MERSİN (İHA) - Ailedeki ve iş yerindeki olumsuzlukların çıraklarda depresyon riskini artırdığı ortaya çıktı. Mersin Üniversitesi'nce yapılan araştırmada, iş yerinde
Çırakların yüzde 7.6'sının dayağa, yüzde 18.7'sinin küfür ve alaya maruz kaldığı, yüzde 10.8'inin de son bir yıl içinde intihar girişiminde bulunduğu belirlendi.
Mersin Üniversitesi Tıp Fakültesi Halk Sağlığı ve Psikiyatri Anabilim Dalı öğretim elemanları, "Mersin Çıraklık Eğitim Merkezi Öğrencilerinde Depresyon Sıklığı ve Etkileyen Faktörler" konulu bir araştırma gerçekleştirdi. Araştırmaya Mersin Çıraklık Eğitim Merkezi'ne devam eden ve yaş ortalamaları 17 olan bin 152 çırak katıldı. Çalışmaya katılanların yüzde 83.3'ünü erkekler, yüzde 16.7'sini kızlar oluştururken, çırakların yüzde 89.3'ü ilköğretim mezunu, ailelerinin yüzde 62.6'sının aylık geliri asgari ücretin altında olduğu ve yüzde 37.4'ünün sosyal güvencesinin olmadığı bildirildi.

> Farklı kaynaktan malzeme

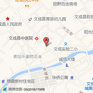 文成县中医院占地面积约:3485㎡和浙江省温州市文成县大峃镇建设路文成供销社商厦(建设路73号)相距 ⇄ 44.2332m
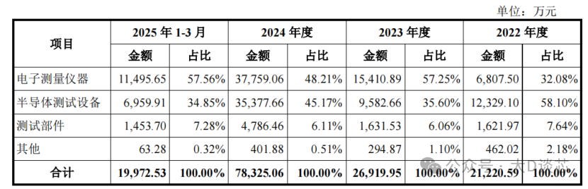 公司產品主要包括電子測量儀器和半導體測試設備,以及配套的測試部件及服務。2025年1-3月電子測量儀器的營業收入金額為11495.65萬元,占比57.56%;半導體測試設備的營業收入為6959.91萬元,占比34.85%。

Araştırma sonucunda çırakların yüzde18.6'sında depresyonda olduğu açıklandı. Depresyon oranının kızlarda yüzde 26.6, erkeklerde yüzde 17 çıktığı, araştırmanın sonucuna göre, kızlar ve erkekler arasındaki depresyon farkı istatistiksel olarak anlamlı değil. Araştırma, çırakların yüzde 7.6'sının iş yerinde fiziksel istismara (dayak), yüzde 18.7'sinin duygusal istismara (küfür ve alay) maruz kaldıklarını, bu çıraklarda depresyonun daha fazla görüldüğünü de ortaya koydu.

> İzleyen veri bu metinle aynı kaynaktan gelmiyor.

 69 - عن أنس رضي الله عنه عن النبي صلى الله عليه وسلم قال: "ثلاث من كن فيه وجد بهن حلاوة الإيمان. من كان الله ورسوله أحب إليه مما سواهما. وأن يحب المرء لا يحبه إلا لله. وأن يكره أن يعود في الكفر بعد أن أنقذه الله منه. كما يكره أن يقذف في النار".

Çıraklarda depresyonu tetikleyen bir başka etken de aile içinde yaşanan kavga. Araştırmaya katılan çırakların yüzde 19.4'nün ailesinde kavga ve geçimsizlik olduğu ve bu durumun da depresyon riskini artırdığı belirlenirken, çırakların yüzde 10.8'nin son bir yıl içinde intihar girişiminde bulunduğu ortaya çıktı. Çıraklarda alkol ve sigara kullanımı da depresyon riskini artırıyor.

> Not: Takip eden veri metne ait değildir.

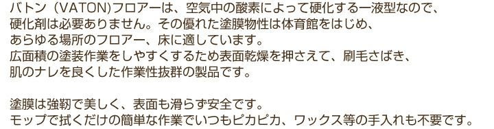 他の画像を見る 安全性が高いので学校・店舗・住宅の木製フロアー・床塗装に最適! バトンフロアー 艶有り 3.5kg (油性/大谷塗料) 販売価格 ¥ 8,360 税込 会員価格 ¥ 8,250 税込 カートに入れる お気に入りに登録する (0)

Araştırmanın sonucuna göre, ailedeki ve iş yerindeki olumsuzluklar çıraklarda depresyon riskini artırırken, koruyucu hekimlik açısından, Çıraklık Eğitim Merkezleri'nde bir psikolojik danışman istihdam edilmesinin bu riski azaltmaya katkıda bulunacağı ancak kesin çözümün; hükümet, işveren, meslek kuruluşları ve ailelerin işbirliği ile 0-18 yaş arasında çocukların çalışmasının ortadan kaldırılması olduğu ifade edildi.